Give back exactly the lines from the one holding "お1人はライセンスを取ったば" to the bottom of the material, both included, and nothing more. No pictures.

▶ DATASET SECTION

□ □ □ □ □

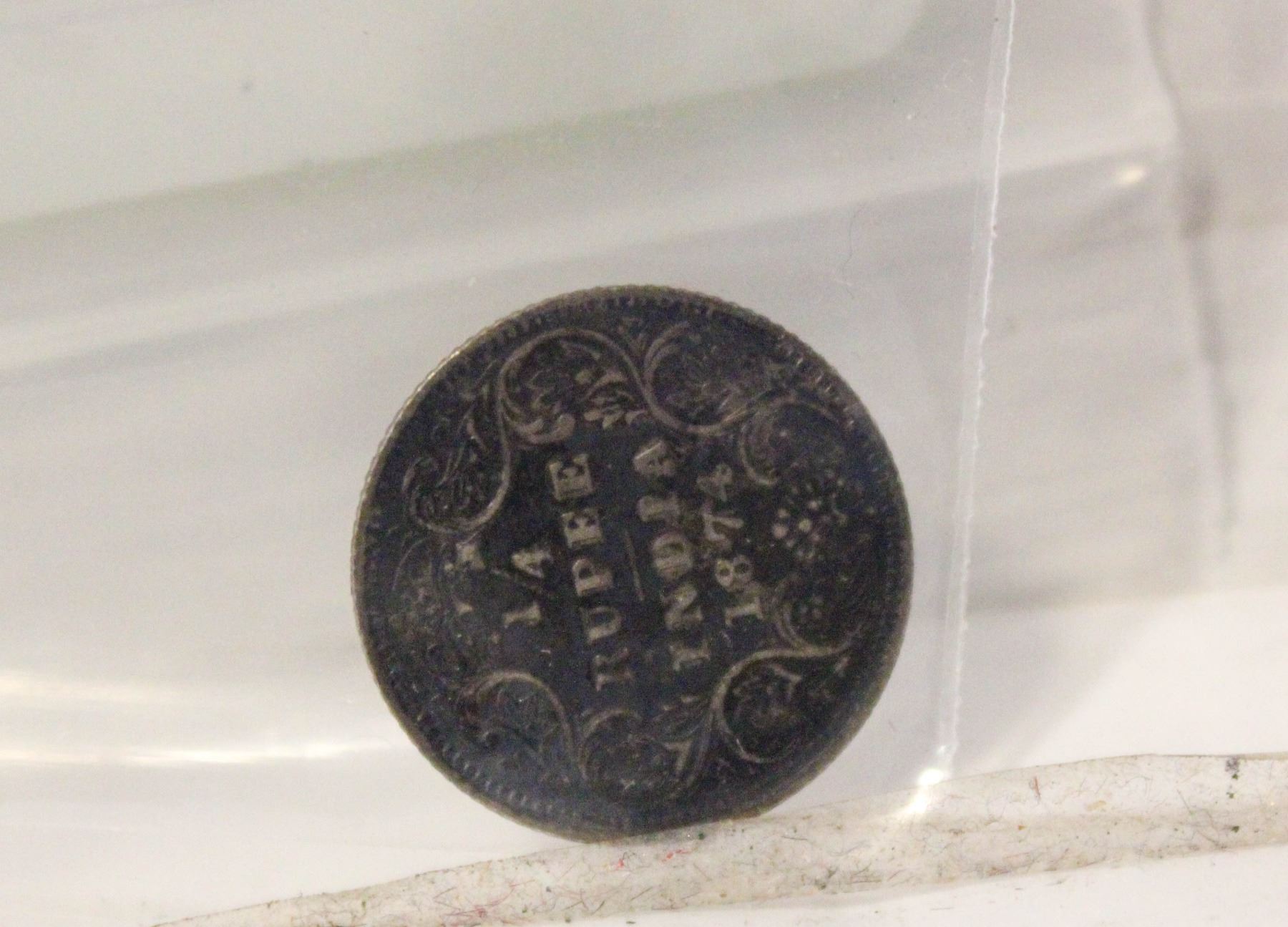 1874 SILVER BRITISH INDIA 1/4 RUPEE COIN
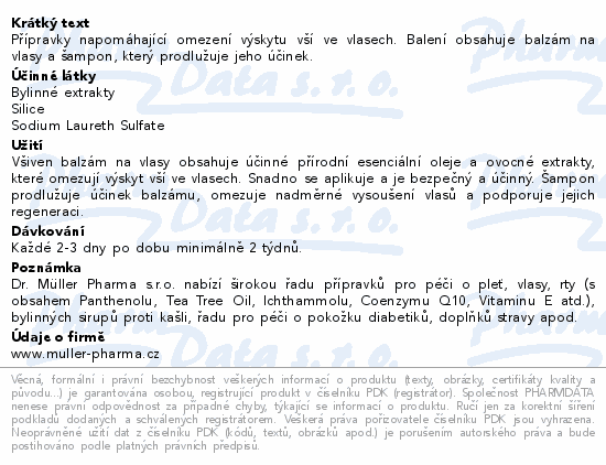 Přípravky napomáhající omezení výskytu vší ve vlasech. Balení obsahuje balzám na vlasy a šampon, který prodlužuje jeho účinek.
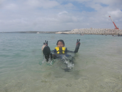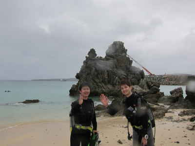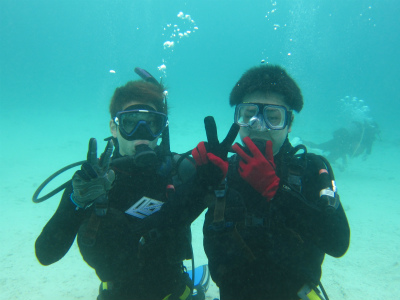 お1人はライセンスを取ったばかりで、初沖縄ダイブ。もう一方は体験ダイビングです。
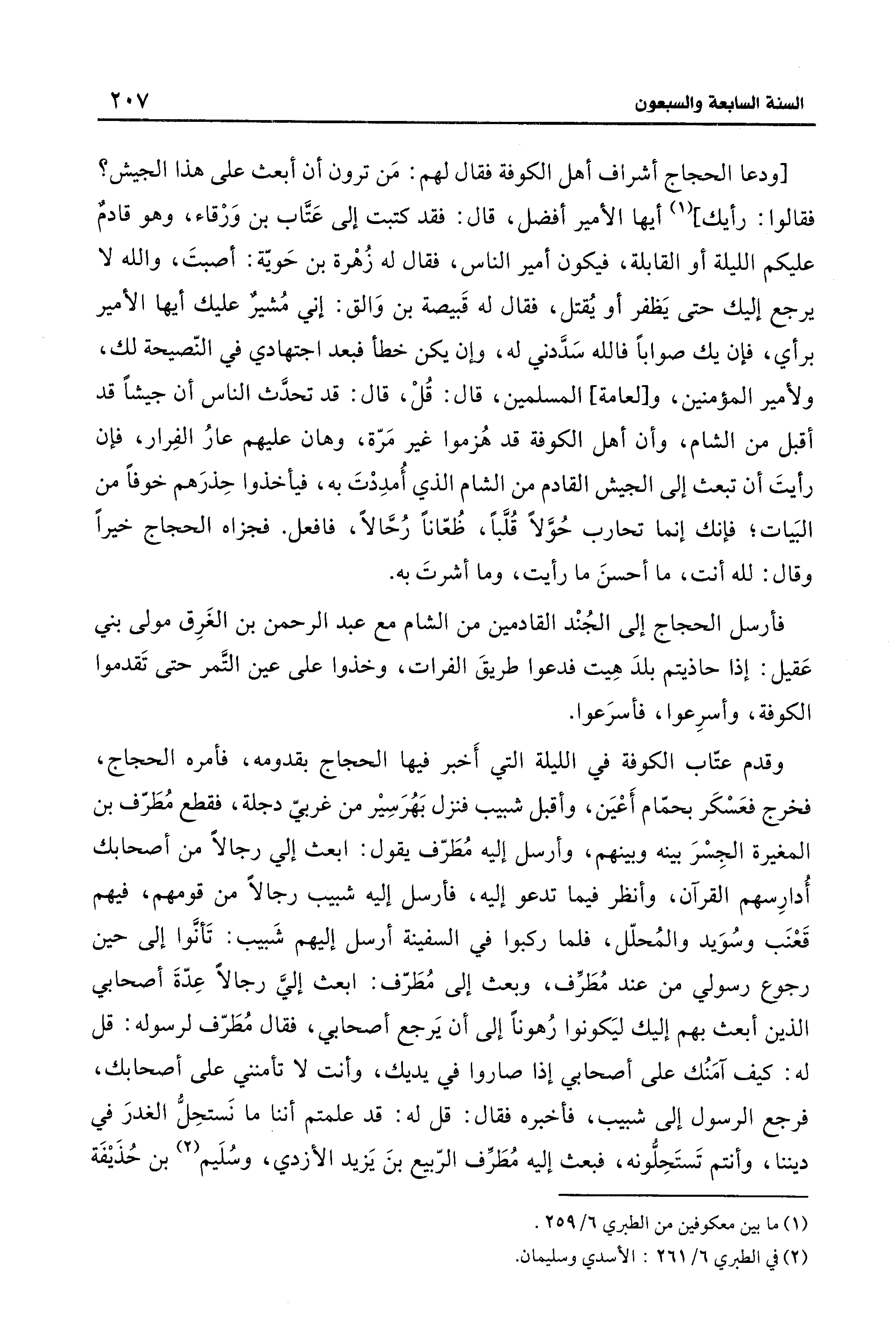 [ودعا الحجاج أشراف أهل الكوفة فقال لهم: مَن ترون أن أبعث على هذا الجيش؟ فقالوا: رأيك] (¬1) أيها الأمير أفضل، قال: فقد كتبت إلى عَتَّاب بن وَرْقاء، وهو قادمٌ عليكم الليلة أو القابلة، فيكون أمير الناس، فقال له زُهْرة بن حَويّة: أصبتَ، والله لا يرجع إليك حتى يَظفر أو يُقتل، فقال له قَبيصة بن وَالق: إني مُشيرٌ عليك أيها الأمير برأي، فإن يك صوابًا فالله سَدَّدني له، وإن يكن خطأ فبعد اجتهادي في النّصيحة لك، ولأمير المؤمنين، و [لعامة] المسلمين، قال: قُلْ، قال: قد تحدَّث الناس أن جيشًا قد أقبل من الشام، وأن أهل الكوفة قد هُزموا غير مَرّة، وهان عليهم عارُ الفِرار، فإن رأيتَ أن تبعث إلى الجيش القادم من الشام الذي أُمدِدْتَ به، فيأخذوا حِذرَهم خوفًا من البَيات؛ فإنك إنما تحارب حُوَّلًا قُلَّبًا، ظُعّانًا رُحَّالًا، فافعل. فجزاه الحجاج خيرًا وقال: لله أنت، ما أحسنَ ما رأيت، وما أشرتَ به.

□ □ □ □ □

▶ EXPECTED OUTPUT
 お1人はライセンスを取ったばかりで、初沖縄ダイブ。もう一方は体験ダイビングです。
 [ودعا الحجاج أشراف أهل الكوفة فقال لهم: مَن ترون أن أبعث على هذا الجيش؟ فقالوا: رأيك] (¬1) أيها الأمير أفضل، قال: فقد كتبت إلى عَتَّاب بن وَرْقاء، وهو قادمٌ عليكم الليلة أو القابلة، فيكون أمير الناس، فقال له زُهْرة بن حَويّة: أصبتَ، والله لا يرجع إليك حتى يَظفر أو يُقتل، فقال له قَبيصة بن وَالق: إني مُشيرٌ عليك أيها الأمير برأي، فإن يك صوابًا فالله سَدَّدني له، وإن يكن خطأ فبعد اجتهادي في النّصيحة لك، ولأمير المؤمنين، و [لعامة] المسلمين، قال: قُلْ، قال: قد تحدَّث الناس أن جيشًا قد أقبل من الشام، وأن أهل الكوفة قد هُزموا غير مَرّة، وهان عليهم عارُ الفِرار، فإن رأيتَ أن تبعث إلى الجيش القادم من الشام الذي أُمدِدْتَ به، فيأخذوا حِذرَهم خوفًا من البَيات؛ فإنك إنما تحارب حُوَّلًا قُلَّبًا، ظُعّانًا رُحَّالًا، فافعل. فجزاه الحجاج خيرًا وقال: لله أنت، ما أحسنَ ما رأيت، وما أشرتَ به.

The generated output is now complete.